Command-line access is achieved with…

cockroach sql;

Those familiar with sql will be comfortable…

?View Code POSTGRESQL
root@:26257/> CREATE DATABASE rhys;
root@:26257/> SHOW DATABASES;
root@:26257/> CREATE TABLE rhys.test (id SERIAL PRIMARY KEY, text VARCHAR(100) NOT NULL);
root@:26257/> INSERT INTO rhys.test(text) VALUES ('Hello World');
root@:26257/> SELECT * FROM rhys.test;

Any data you insert should be replicated to all nodes. You can check this with…

cockroach sql --port 26257 --execute "SELECT COUNT(*) FROM rhys.test";
cockroach sql --port 26258 --execute "SELECT COUNT(*) FROM rhys.test";
cockroach sql --port 26259 --execute "SELECT COUNT(*) FROM rhys.test";
cockroach sql --port 26260 --execute "SELECT COUNT(*) FROM rhys.test";
cockroach sql --port 26261 --execute "SELECT COUNT(*) FROM rhys.test";

We can also insert into any of the nodes…

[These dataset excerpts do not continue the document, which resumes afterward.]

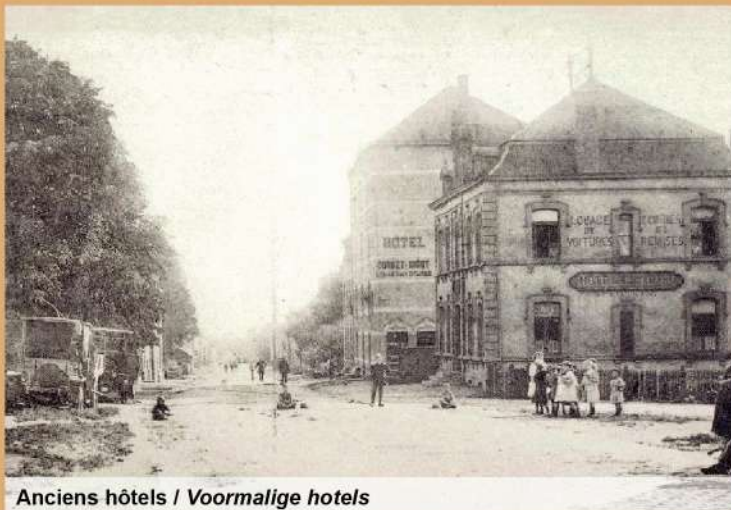
Anciens hôtels / Voormalige hotels

Deze wasplaats werd gebouwd in 1896 volgens hetzelfde plan datgene van Rulles. In 1983 werd deze door het Waals Gewest geklasseerd. De uitbreiding in 2012 werd verwezenlijkt in overeenstemming met de erfgoedkenmerken. Vandaag de dag dient dit als dorpszaal.
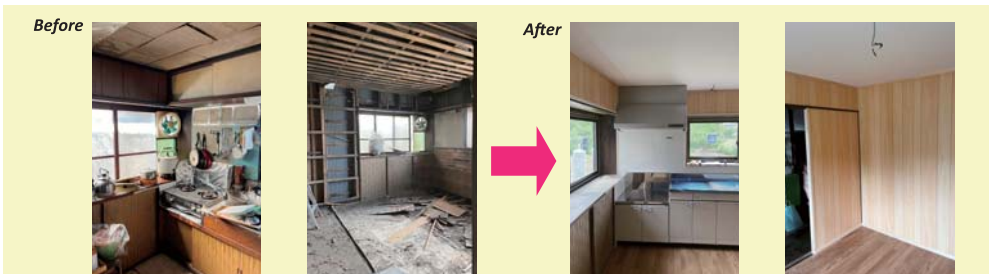
内装は主にキッチン部分をリフォームしました。壁は既存の壁を壊して断熱材を充填しました。
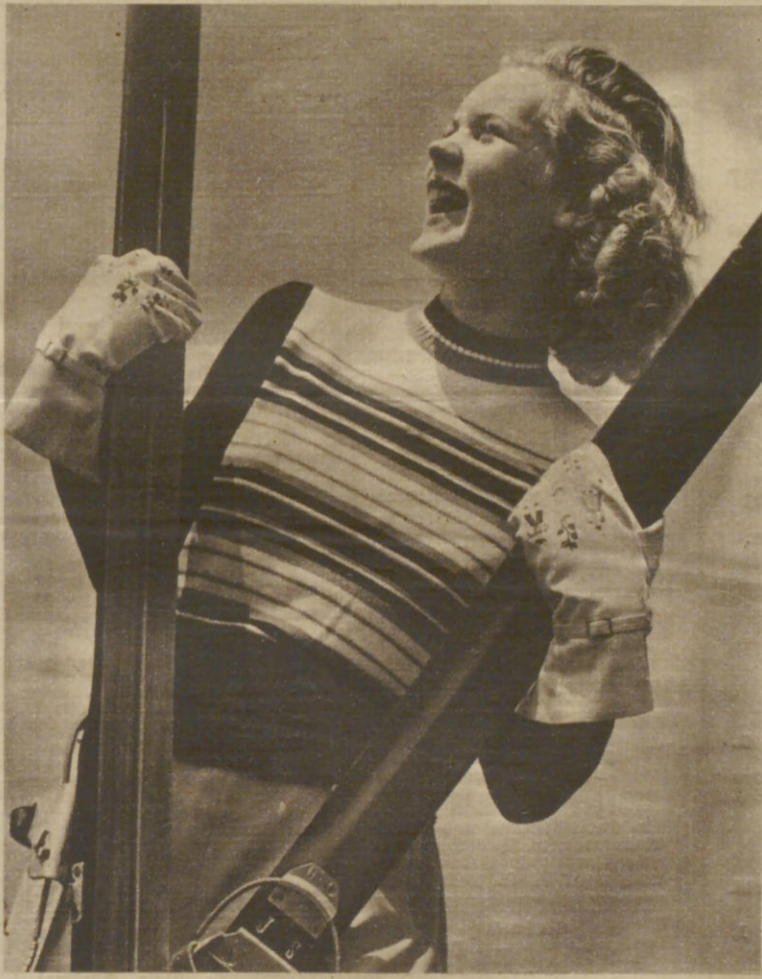
Fesch und fröhlich
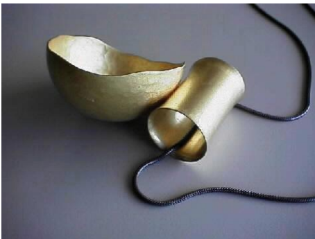
Colgante. Cuconet , 1998. Oro
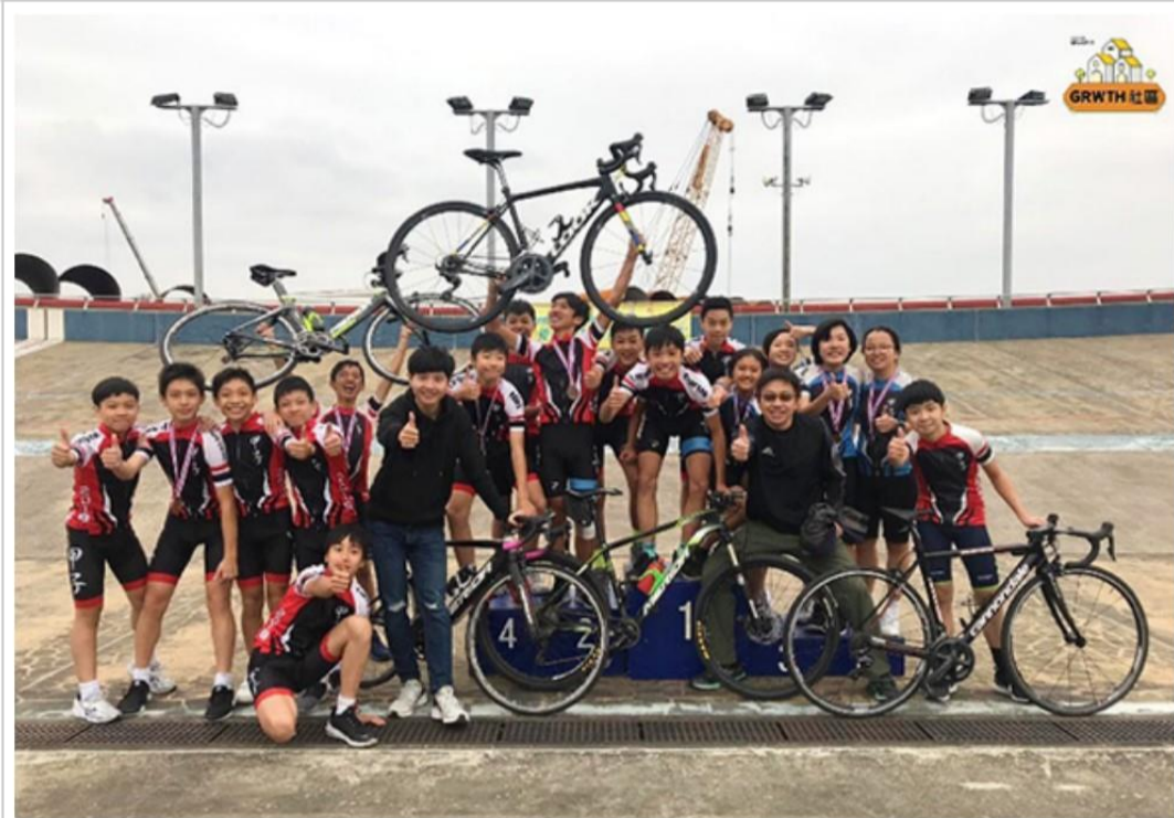
單車隊成軍至今五年，共贏得三屆學界冠軍。

師生同心，很快便看到成績。之後那場比賽，不但全隊過關，更有隊員奪得第三名。其後，單車隊獲獎連連，成軍至今五年，共贏得三屆學界冠軍，成績驕人。

cockroach sql --port 26257 --execute "INSERT INTO rhys.test (text) VALUES ('Node 1')";
cockroach sql --port 26258 --execute "INSERT INTO rhys.test (text) VALUES ('Node 2')";
cockroach sql --port 26259 --execute "INSERT INTO rhys.test (text) VALUES ('Node 3')";
cockroach sql --port 26260 --execute "INSERT INTO rhys.test (text) VALUES ('Node 4')";
cockroach sql --port 26261 --execute "INSERT INTO rhys.test (text) VALUES ('Node 5')";

Check the counts again…

cockroach sql --port 26257 --execute "SELECT COUNT(*) FROM rhys.test";
cockroach sql --port 26258 --execute "SELECT COUNT(*) FROM rhys.test";
cockroach sql --port 26259 --execute "SELECT COUNT(*) FROM rhys.test";
cockroach sql --port 26260 --execute "SELECT COUNT(*) FROM rhys.test";
cockroach sql --port 26261 --execute "SELECT COUNT(*) FROM rhys.test";

Check how the data looks on each node…

cockroach sql --port 26261 --execute "SELECT * FROM rhys.test";
+--------------------+-------------+
|         id         |    text     |
+--------------------+-------------+
| 226950927534555137 | Hello World |
| 226951064182259713 | Hello World |
| 226951080098856961 | Hello World |
| 226952456016003073 | Node 1      |
| 226952456149368834 | Node 2      |
| 226952456292663299 | Node 3      |
| 226952456455684100 | Node 4      |
| 226952456591376389 | Node 5      |
+--------------------+-------------+
(8 rows)
cockroach sql --port 26260 --execute "SELECT * FROM rhys.test";
+--------------------+-------------+
|         id         |    text     |
+--------------------+-------------+
| 226950927534555137 | Hello World |
| 226951064182259713 | Hello World |
| 226951080098856961 | Hello World |
| 226952456016003073 | Node 1      |
| 226952456149368834 | Node 2      |
| 226952456292663299 | Node 3      |
| 226952456455684100 | Node 4      |
| 226952456591376389 | Node 5      |
+--------------------+-------------+
(8 rows)

To clean up…

# clean up (gets rid of all processes and data!)
cockroach quit --port=26257
cockroach quit --port=26258
cockroach quit --port=26259
cockroach quit --port=26260
cockroach quit --port=26261
cd;
rm -Rf cockroach_cluster_tmp;

I’ll probably continuing playing with CockRoachDB. As usual resources will be available on my github.